How to complete this task: With the pictures left out, write out exactly the lines of the listing below that run from the line with "Charming 2 bedroom/1" through the line with "- 11-Shelf Large".

Extracted records:
..........

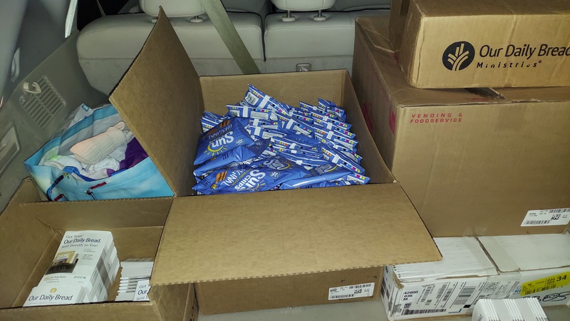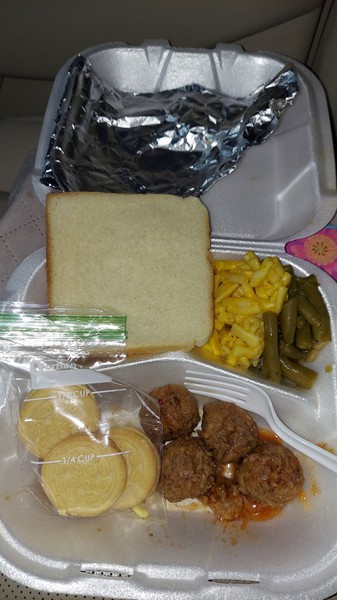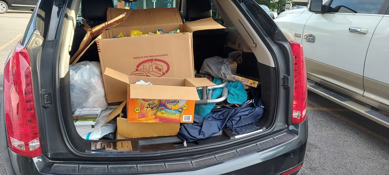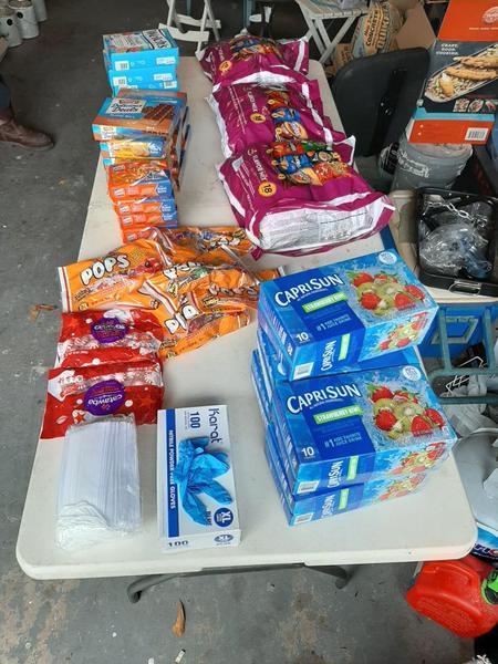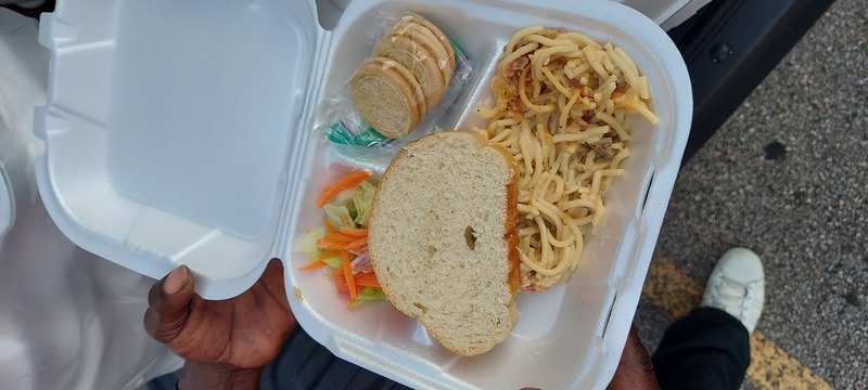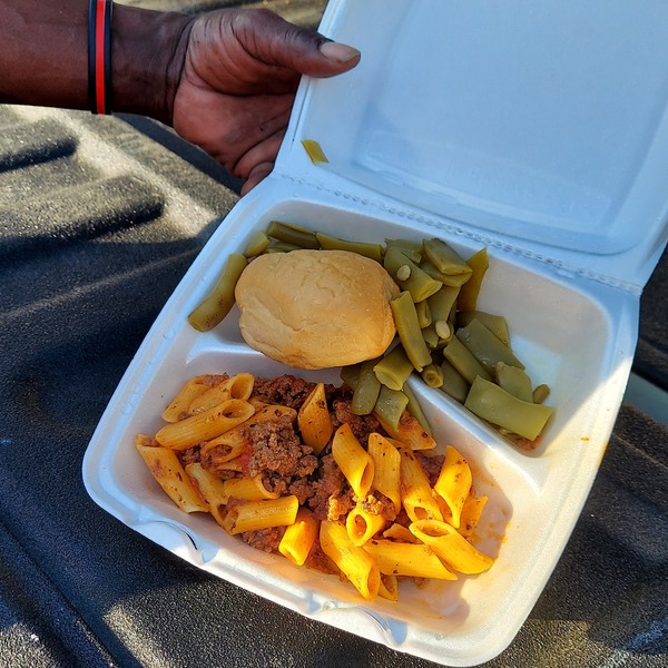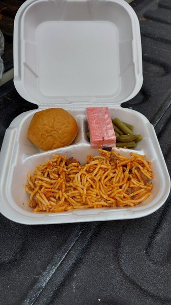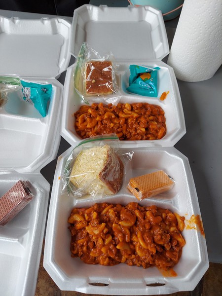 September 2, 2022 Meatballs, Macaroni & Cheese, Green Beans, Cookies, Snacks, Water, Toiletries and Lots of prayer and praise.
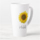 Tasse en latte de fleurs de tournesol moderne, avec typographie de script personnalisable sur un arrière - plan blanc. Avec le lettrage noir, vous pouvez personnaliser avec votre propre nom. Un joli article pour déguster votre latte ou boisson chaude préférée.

..........

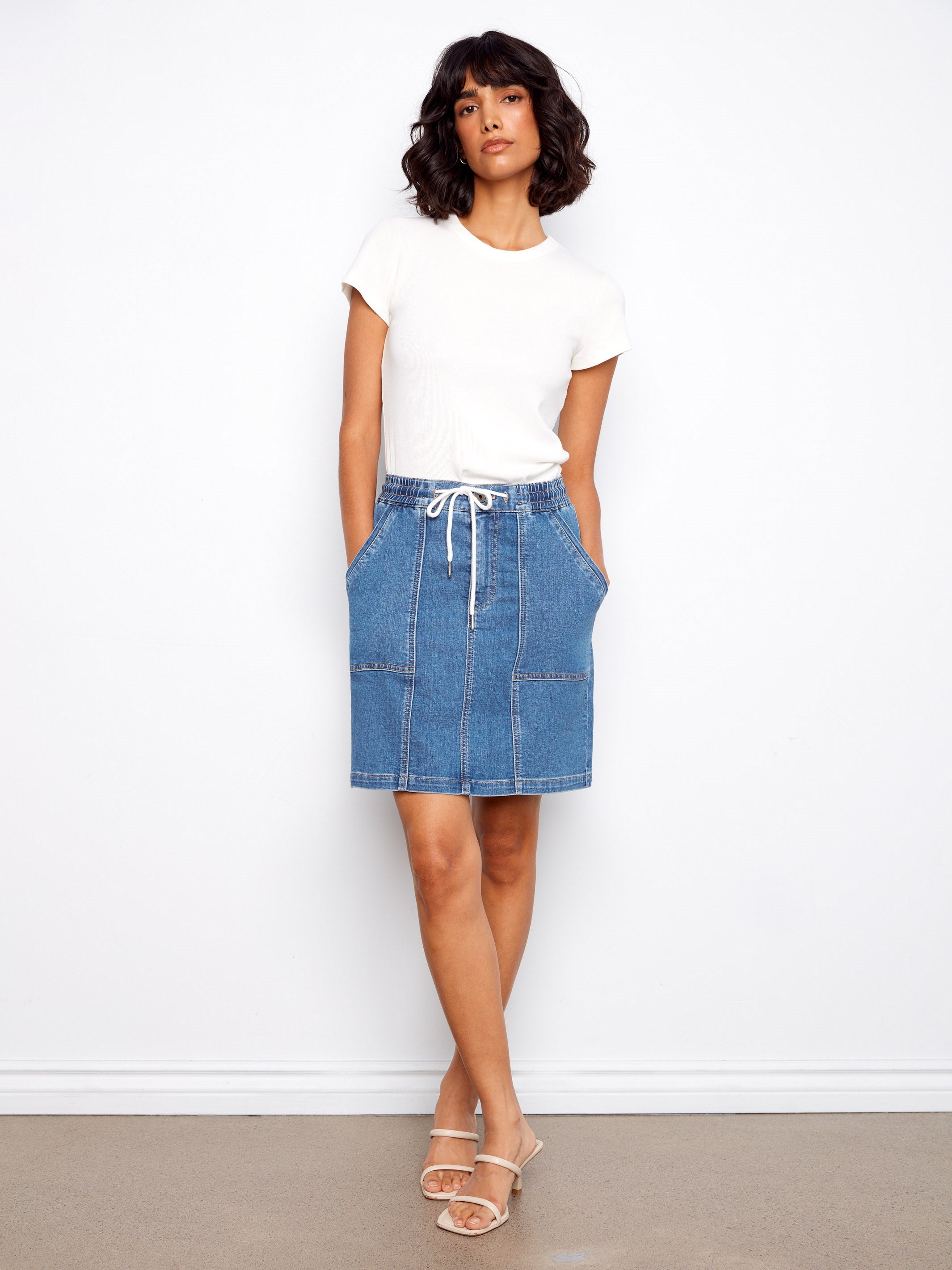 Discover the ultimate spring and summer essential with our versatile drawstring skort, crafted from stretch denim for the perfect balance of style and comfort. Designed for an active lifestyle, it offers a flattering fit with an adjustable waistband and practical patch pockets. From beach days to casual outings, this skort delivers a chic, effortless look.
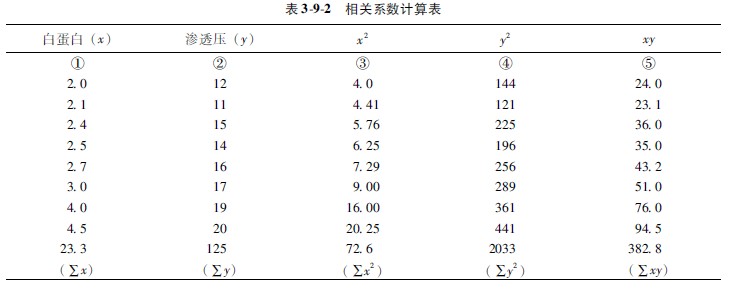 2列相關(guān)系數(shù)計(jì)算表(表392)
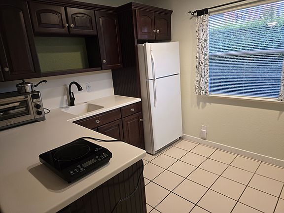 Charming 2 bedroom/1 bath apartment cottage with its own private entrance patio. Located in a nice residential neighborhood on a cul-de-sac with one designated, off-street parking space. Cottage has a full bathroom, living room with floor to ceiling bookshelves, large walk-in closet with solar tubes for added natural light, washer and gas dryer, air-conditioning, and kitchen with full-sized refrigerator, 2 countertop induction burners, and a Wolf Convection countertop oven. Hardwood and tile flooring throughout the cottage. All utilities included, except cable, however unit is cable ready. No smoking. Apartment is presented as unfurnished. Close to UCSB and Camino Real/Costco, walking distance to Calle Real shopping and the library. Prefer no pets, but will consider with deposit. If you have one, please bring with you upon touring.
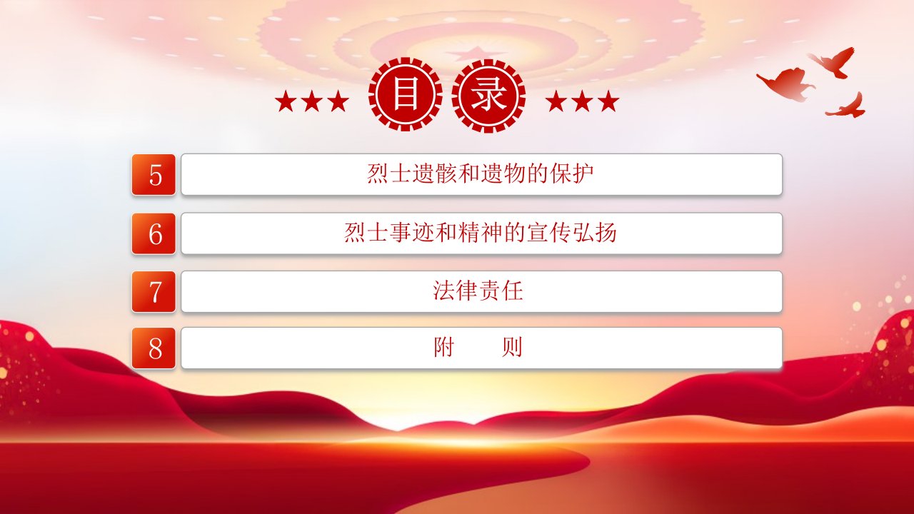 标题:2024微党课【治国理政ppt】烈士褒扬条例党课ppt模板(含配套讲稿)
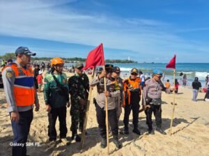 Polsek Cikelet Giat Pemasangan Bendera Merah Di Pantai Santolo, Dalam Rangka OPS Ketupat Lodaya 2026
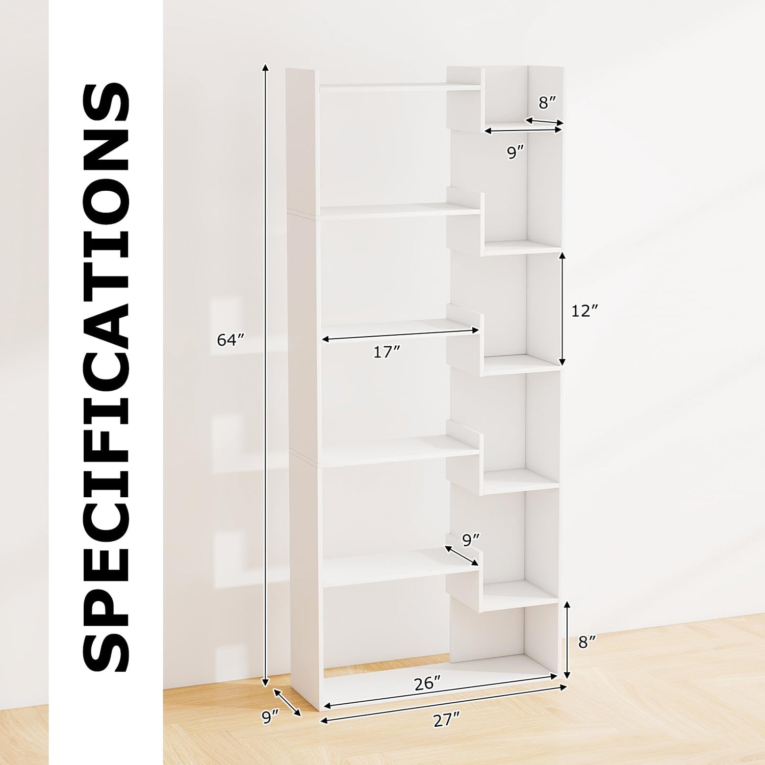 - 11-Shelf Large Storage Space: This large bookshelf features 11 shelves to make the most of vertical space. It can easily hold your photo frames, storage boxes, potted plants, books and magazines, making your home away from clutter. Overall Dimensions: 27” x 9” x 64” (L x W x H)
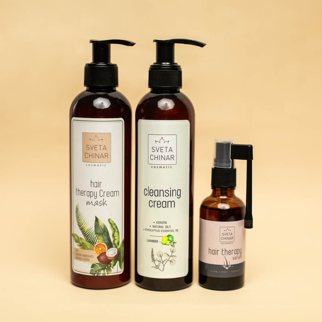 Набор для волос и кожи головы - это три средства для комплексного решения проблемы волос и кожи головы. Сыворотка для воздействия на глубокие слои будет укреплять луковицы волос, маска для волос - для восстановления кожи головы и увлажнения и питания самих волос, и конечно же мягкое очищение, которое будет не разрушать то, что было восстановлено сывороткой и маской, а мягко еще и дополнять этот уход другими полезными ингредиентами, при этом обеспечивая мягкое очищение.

..........

Expected answer:
 Charming 2 bedroom/1 bath apartment cottage with its own private entrance patio. Located in a nice residential neighborhood on a cul-de-sac with one designated, off-street parking space. Cottage has a full bathroom, living room with floor to ceiling bookshelves, large walk-in closet with solar tubes for added natural light, washer and gas dryer, air-conditioning, and kitchen with full-sized refrigerator, 2 countertop induction burners, and a Wolf Convection countertop oven. Hardwood and tile flooring throughout the cottage. All utilities included, except cable, however unit is cable ready. No smoking. Apartment is presented as unfurnished. Close to UCSB and Camino Real/Costco, walking distance to Calle Real shopping and the library. Prefer no pets, but will consider with deposit. If you have one, please bring with you upon touring.
 标题:2024微党课【治国理政ppt】烈士褒扬条例党课ppt模板(含配套讲稿)
 Polsek Cikelet Giat Pemasangan Bendera Merah Di Pantai Santolo, Dalam Rangka OPS Ketupat Lodaya 2026
 - 11-Shelf Large Storage Space: This large bookshelf features 11 shelves to make the most of vertical space. It can easily hold your photo frames, storage boxes, potted plants, books and magazines, making your home away from clutter. Overall Dimensions: 27” x 9” x 64” (L x W x H)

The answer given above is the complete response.